WHAT YOU NEED TO DO:
For this exercise, retype the lines from the one that holds "在美国洛杉矶,一位华裔妈妈带" through the one that holds "Detalle del cuadro" in the records below, both included, exactly and without pictures.

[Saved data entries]
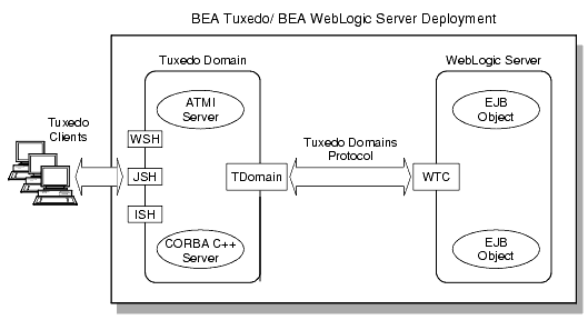 The TDomain and WTC gateways provide bidirectional connectivity between ATMI services/ CORBA objects deployed in a BEA Tuxedo application and EJB objects deployed in a WebLogic Server application. Together, the gateways allow the following interoperability for a BEA Tuxedo/ WebLogic Server deployment:
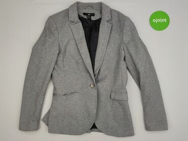 Damska marynarka H&M - Kolor: szary melanż - Krój: taliowany, jednorzędowy na 1 guzik - Kołnierz: klasyczne, delikatnie zaokrąglone klapy - Kieszenie: dwie przednie kieszenie z wypustką - Podszewk...
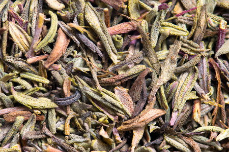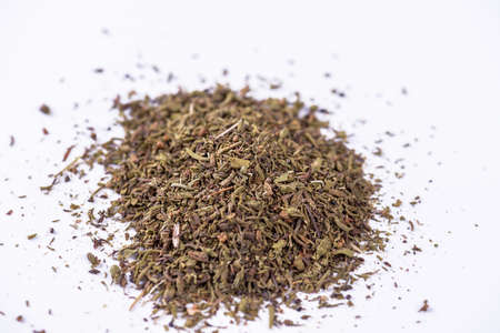 Macro photo of thyme dried leaves . Closeup 1:1
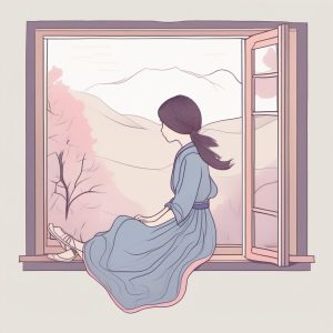 A hand drawn illustration featuring a soft Japanese fashion girl with double buns. The piece uses minimalist line art, defined by soft pastel colors in pink and light blue. The crayon style technique ensures warm colors and soft edges. This whimsical, storybook style image has a clear textured paper effect. Set against a solid pale purple background.
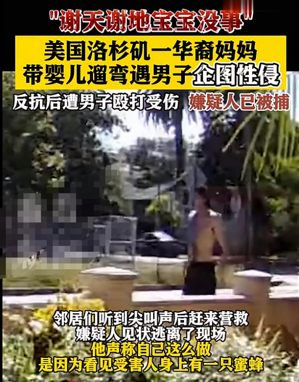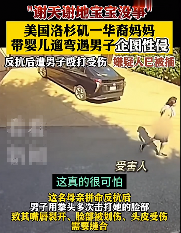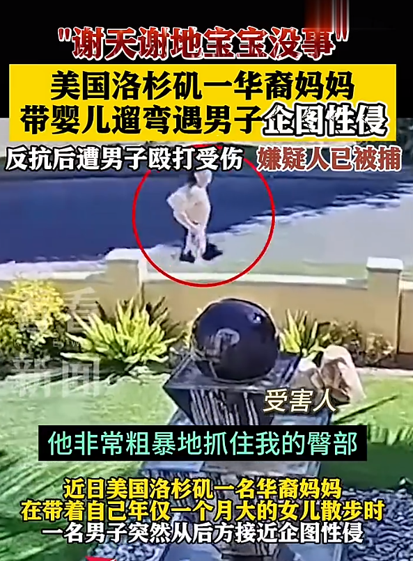 在美国洛杉矶,一位华裔妈妈带着刚满月的宝宝出门散步,结果遇到了一个变态男!这货不仅对人家动手动脚,还拳打脚踢!落网后变态男居然说
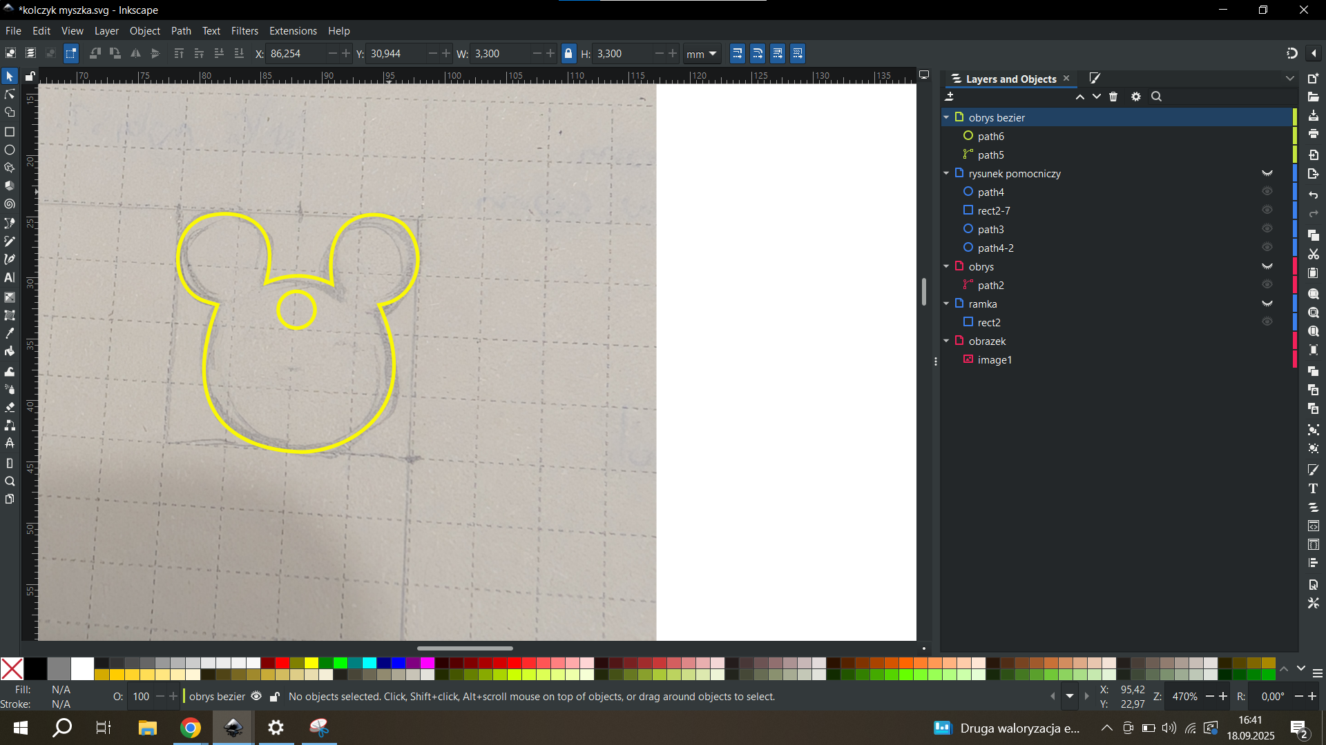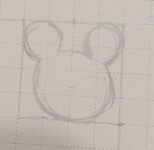 Rysunek na kartce - głowa myszki 2x2cm
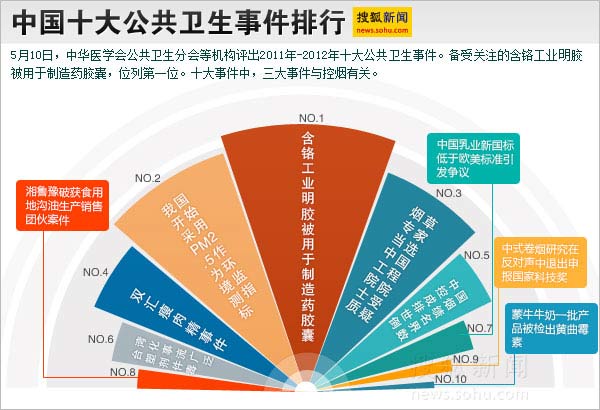 本报讯(记者 方芳)中华医学会公共卫生分会等机构日前评出2011年至2012年十大公共卫生事件,毒胶囊列第一位。与控烟有关的事件占据三项。
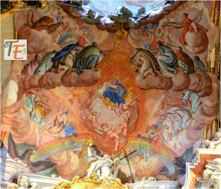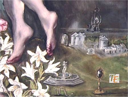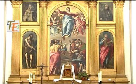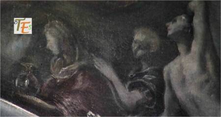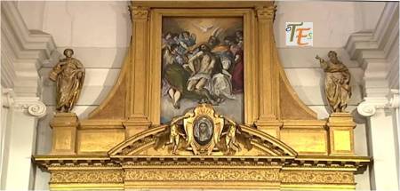 Detalle del cuadro de la Trinidad, pintado para el convento de Santo Domingo «el antiguo», por el genial Doménico Theotocópulis, el Greco. Dicha obra se encuentra en el Museo del Prado, quedando en el convento una buena copia de «Seisdedos».
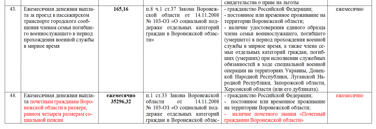 Стоит добавить, что ежемесячные социальные выплаты для почетных граждан по размеру являются одними из самых больших, если не считать выплаты по беременности и рождения детей. А размеры некоторых социальных выплат в Воронежской области выглядят более чем странными. Так, чиновниками и депутатами областной думы определен размер (в 165 рублей 16 копеек) ежемесячной выплаты за проезд в пассажирском транспорте городского сообщения членам семьи погибшего военнослужащего в период прохождения военной службы в мирное время. Сегодня этого ежемесячного "пособия" хватит всего на 4 (четыре) автобусных поездки в Воронеже или в других местных городах или на один день, если ехать на работу или иным делам с пересадками.

ANSWER SECTION:
 在美国洛杉矶,一位华裔妈妈带着刚满月的宝宝出门散步,结果遇到了一个变态男!这货不仅对人家动手动脚,还拳打脚踢!落网后变态男居然说
 Rysunek na kartce - głowa myszki 2x2cm
 本报讯(记者 方芳)中华医学会公共卫生分会等机构日前评出2011年至2012年十大公共卫生事件,毒胶囊列第一位。与控烟有关的事件占据三项。
 Detalle del cuadro de la Trinidad, pintado para el convento de Santo Domingo «el antiguo», por el genial Doménico Theotocópulis, el Greco. Dicha obra se encuentra en el Museo del Prado, quedando en el convento una buena copia de «Seisdedos».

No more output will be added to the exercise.